* Your assignment *
The listing is to be transcribed in full, with its images left out.

* Data shown *
++++++++

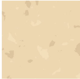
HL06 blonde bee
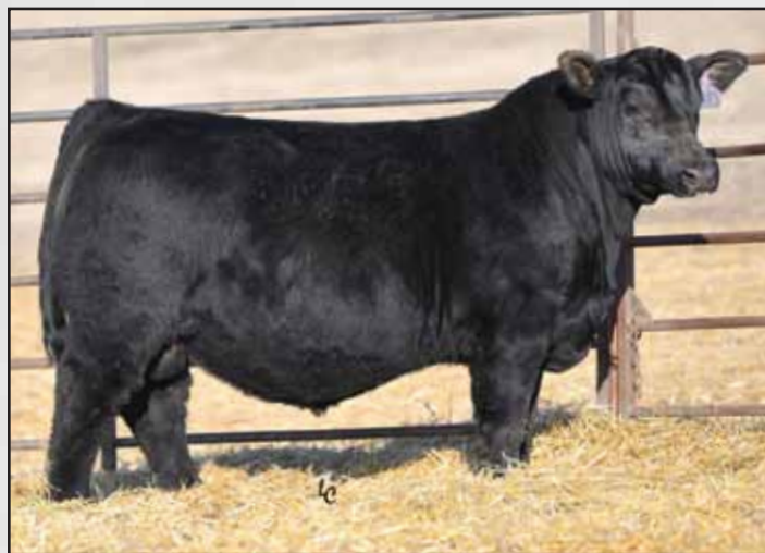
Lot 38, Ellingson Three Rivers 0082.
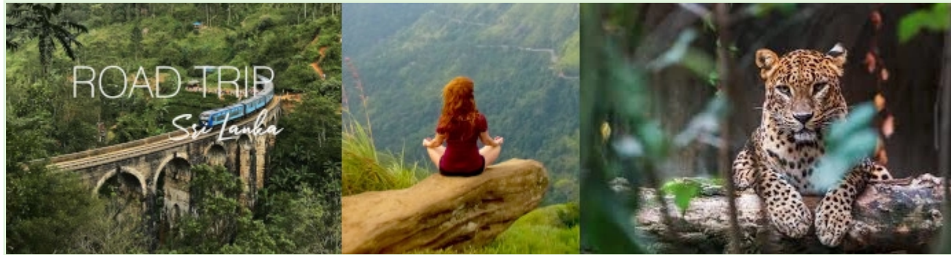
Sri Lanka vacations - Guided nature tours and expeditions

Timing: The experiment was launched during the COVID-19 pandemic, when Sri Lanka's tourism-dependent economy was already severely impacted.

++++++++

* Response area *
HL06 blonde bee
Lot 38, Ellingson Three Rivers 0082.
Sri Lanka vacations - Guided nature tours and expeditions

Timing: The experiment was launched during the COVID-19 pandemic, when Sri Lanka's tourism-dependent economy was already severely impacted.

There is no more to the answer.